Problem description: Below are records with pictures in them. Output exactly the lines from the one with "初めてなので、自販機左上のあけどや味噌 大盛を注文し..." through the one with "Φέτος συμπληρώνονται 50", both included, and leave every picture out; give only those lines.

Given data:
■ ■ ■ ■ ■ ■ ■
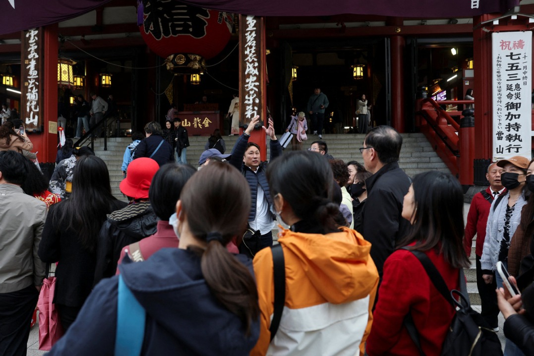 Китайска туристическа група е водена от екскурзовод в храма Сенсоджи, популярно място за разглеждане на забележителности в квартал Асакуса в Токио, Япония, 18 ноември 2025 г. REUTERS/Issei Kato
■ ■ ■ ■ ■ ■ ■
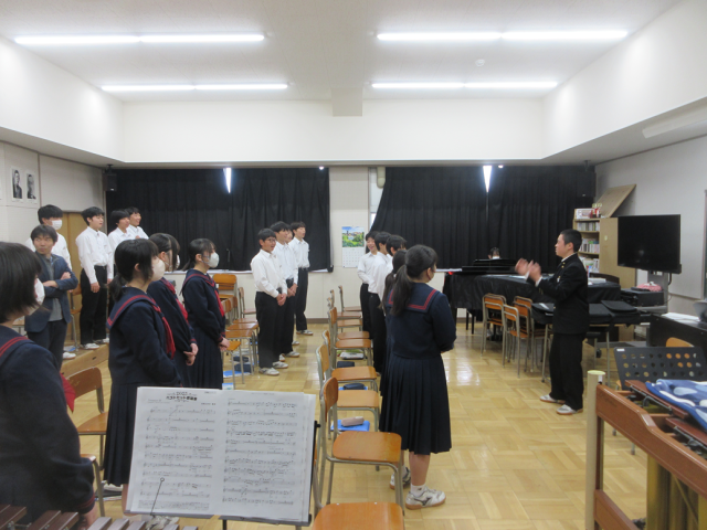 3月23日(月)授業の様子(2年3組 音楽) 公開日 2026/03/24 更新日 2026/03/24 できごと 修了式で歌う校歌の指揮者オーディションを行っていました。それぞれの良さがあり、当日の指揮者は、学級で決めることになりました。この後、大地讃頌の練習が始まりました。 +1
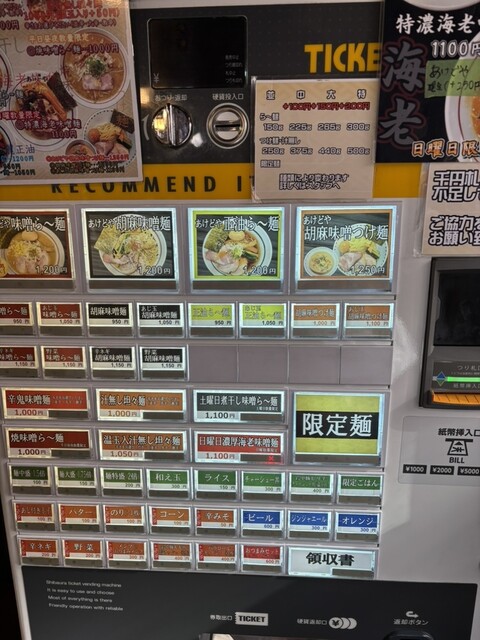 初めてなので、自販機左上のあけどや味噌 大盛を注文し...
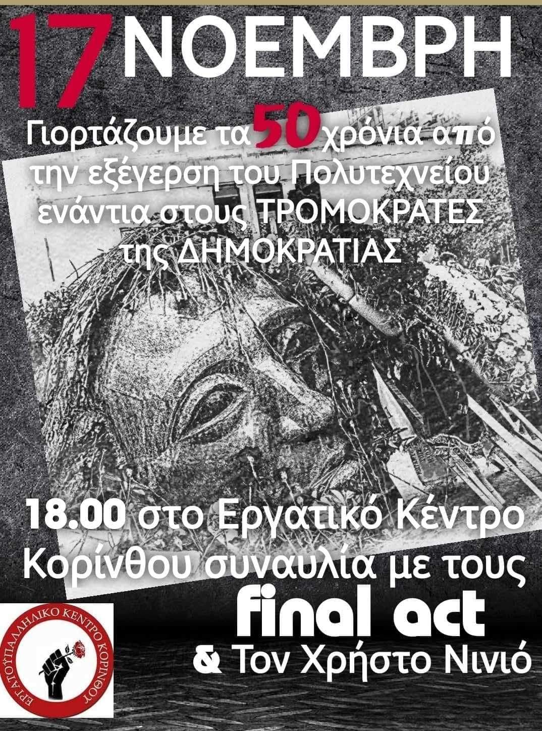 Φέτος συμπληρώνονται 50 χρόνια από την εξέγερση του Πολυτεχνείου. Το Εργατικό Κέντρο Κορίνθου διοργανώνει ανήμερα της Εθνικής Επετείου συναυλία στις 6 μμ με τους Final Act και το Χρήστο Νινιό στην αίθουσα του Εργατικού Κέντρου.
■ ■ ■ ■ ■ ■ ■
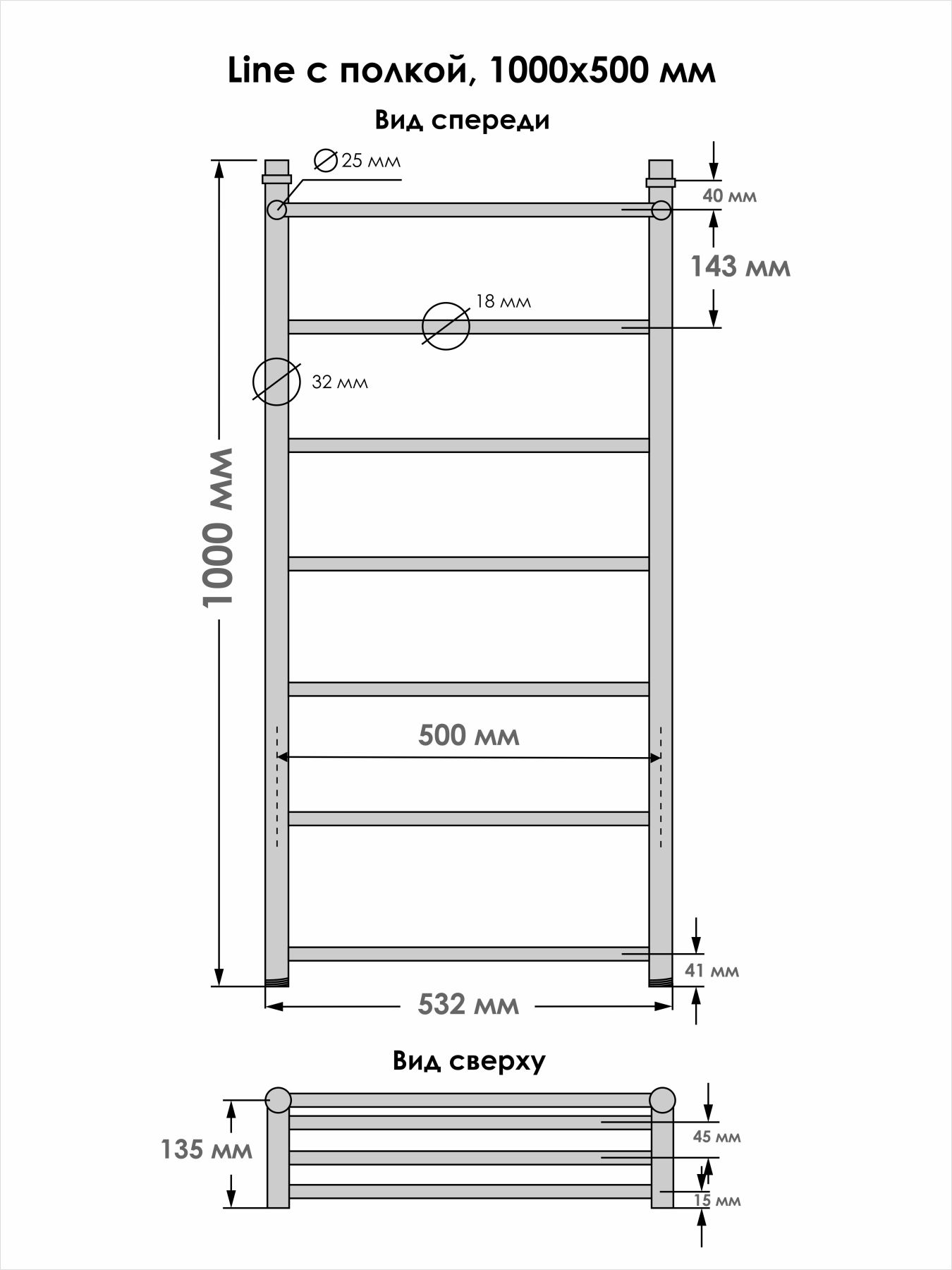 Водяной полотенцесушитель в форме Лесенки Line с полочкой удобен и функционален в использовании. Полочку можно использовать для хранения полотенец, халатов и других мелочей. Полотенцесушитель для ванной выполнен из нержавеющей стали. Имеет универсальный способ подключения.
■ ■ ■ ■ ■ ■ ■
Output for this exercise:
 初めてなので、自販機左上のあけどや味噌 大盛を注文し...
 Φέτος συμπληρώνονται 50 χρόνια από την εξέγερση του Πολυτεχνείου. Το Εργατικό Κέντρο Κορίνθου διοργανώνει ανήμερα της Εθνικής Επετείου συναυλία στις 6 μμ με τους Final Act και το Χρήστο Νινιό στην αίθουσα του Εργατικού Κέντρου.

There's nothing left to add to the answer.